§ **WORK REQUIRED**: From the line containing "PAIR OF AQUAMARINE, TOPAZ" to the last line of the listing, both included, copy every line exactly and drop the pictures.

§ **PROVIDED RECORDS**:
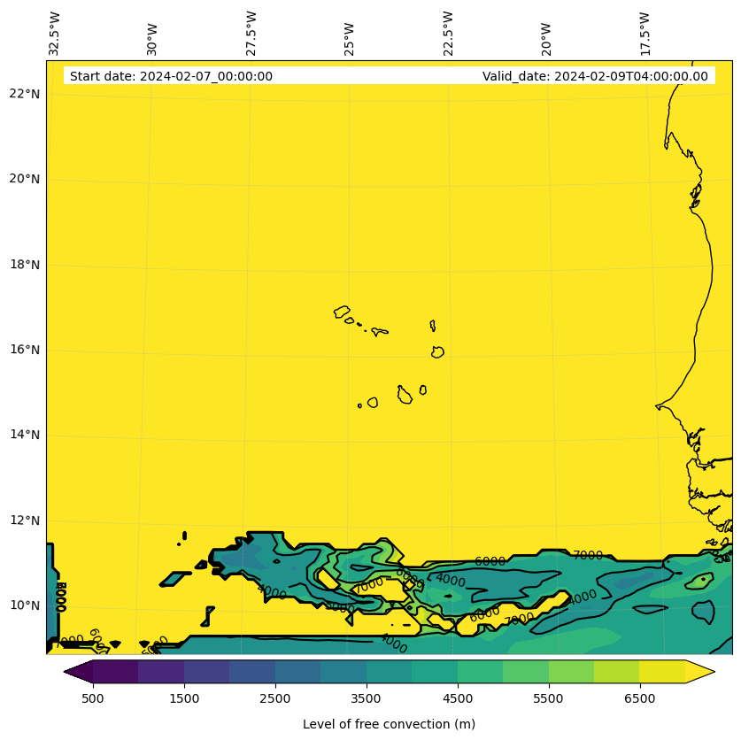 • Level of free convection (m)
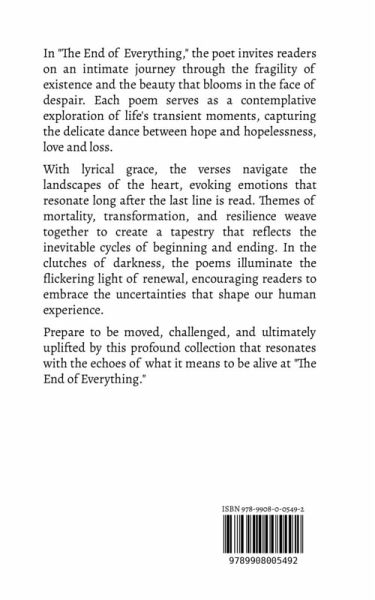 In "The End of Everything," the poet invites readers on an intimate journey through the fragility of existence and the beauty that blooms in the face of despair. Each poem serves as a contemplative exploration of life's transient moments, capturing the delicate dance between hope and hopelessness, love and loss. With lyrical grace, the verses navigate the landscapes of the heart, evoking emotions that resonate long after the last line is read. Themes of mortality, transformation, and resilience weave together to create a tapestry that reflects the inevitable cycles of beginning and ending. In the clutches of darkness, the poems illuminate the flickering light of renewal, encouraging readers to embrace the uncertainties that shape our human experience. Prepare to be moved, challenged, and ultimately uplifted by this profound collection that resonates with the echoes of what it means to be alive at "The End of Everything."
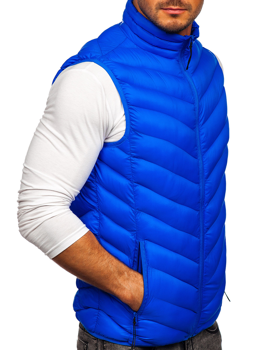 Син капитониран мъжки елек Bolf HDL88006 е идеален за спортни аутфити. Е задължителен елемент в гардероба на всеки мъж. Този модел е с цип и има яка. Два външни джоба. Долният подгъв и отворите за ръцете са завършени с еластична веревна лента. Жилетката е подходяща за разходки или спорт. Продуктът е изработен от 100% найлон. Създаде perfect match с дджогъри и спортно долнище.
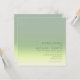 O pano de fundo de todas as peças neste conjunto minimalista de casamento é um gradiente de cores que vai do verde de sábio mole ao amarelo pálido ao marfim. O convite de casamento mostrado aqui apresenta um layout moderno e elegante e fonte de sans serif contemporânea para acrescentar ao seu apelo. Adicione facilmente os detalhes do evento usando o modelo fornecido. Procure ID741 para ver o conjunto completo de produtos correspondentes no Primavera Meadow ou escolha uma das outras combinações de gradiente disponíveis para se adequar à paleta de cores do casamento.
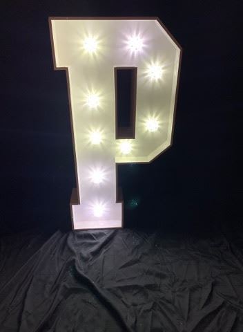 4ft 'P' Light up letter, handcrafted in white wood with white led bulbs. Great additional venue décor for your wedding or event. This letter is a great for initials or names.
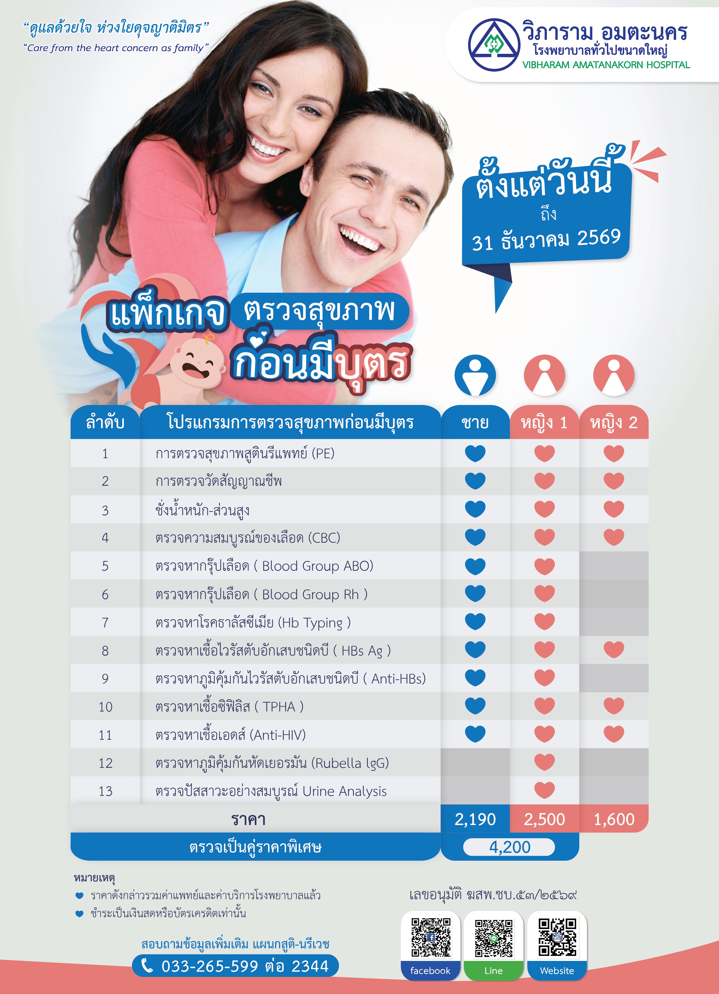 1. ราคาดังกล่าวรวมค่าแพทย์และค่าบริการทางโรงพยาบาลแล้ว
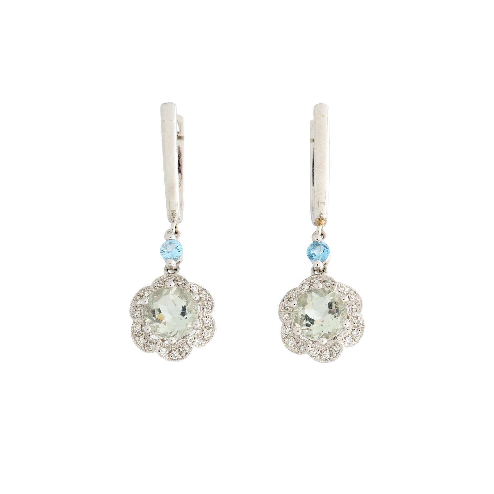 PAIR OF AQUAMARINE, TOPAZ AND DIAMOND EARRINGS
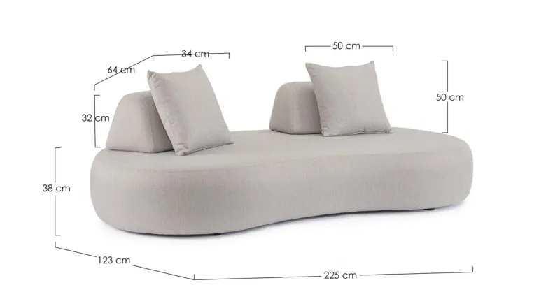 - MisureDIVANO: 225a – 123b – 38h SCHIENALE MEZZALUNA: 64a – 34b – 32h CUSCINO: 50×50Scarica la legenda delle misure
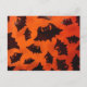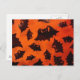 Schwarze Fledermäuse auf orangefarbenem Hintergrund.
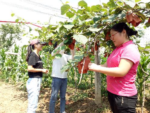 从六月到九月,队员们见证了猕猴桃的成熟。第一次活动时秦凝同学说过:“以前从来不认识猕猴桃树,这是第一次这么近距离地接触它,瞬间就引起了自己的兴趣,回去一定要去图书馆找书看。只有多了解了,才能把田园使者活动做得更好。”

§ **WORKED SOLUTION**:
 PAIR OF AQUAMARINE, TOPAZ AND DIAMOND EARRINGS
 - MisureDIVANO: 225a – 123b – 38h SCHIENALE MEZZALUNA: 64a – 34b – 32h CUSCINO: 50×50Scarica la legenda delle misure
 Schwarze Fledermäuse auf orangefarbenem Hintergrund.
 从六月到九月,队员们见证了猕猴桃的成熟。第一次活动时秦凝同学说过:“以前从来不认识猕猴桃树,这是第一次这么近距离地接触它,瞬间就引起了自己的兴趣,回去一定要去图书馆找书看。只有多了解了,才能把田园使者活动做得更好。”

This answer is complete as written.